Aim of the exercise:
Both the line with "Special thank you" and the line with "DUT with Body" in the records below must appear in the output, along with every line between them, exactly and with nothing added.

Input:
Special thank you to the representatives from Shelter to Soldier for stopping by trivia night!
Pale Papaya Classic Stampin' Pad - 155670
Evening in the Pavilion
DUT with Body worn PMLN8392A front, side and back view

--

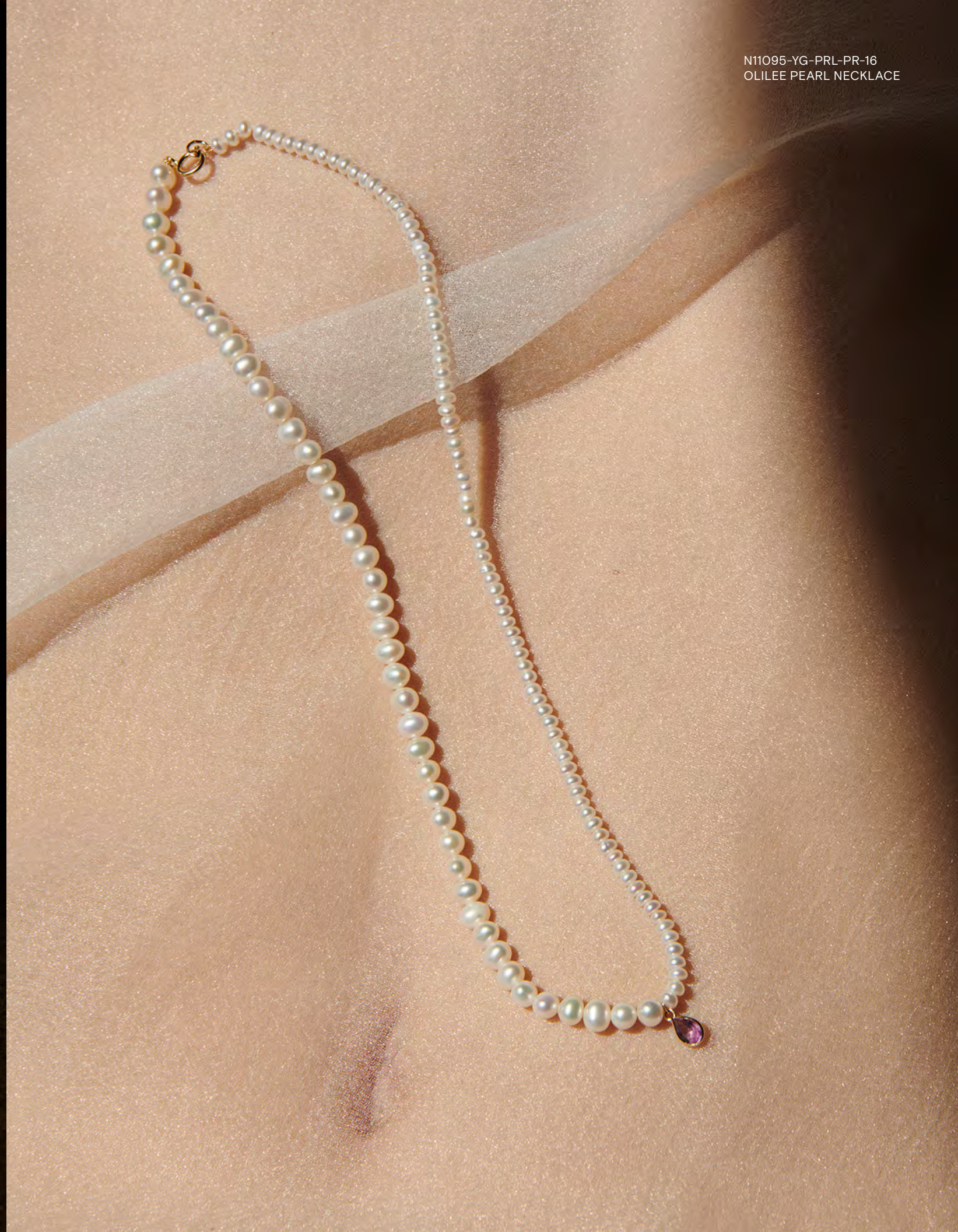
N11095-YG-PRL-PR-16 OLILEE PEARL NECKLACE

--

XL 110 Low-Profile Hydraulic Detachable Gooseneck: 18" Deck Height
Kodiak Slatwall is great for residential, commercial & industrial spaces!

Response to the exercise:
Special thank you to the representatives from Shelter to Soldier for stopping by trivia night!
Pale Papaya Classic Stampin' Pad - 155670
Evening in the Pavilion
DUT with Body worn PMLN8392A front, side and back view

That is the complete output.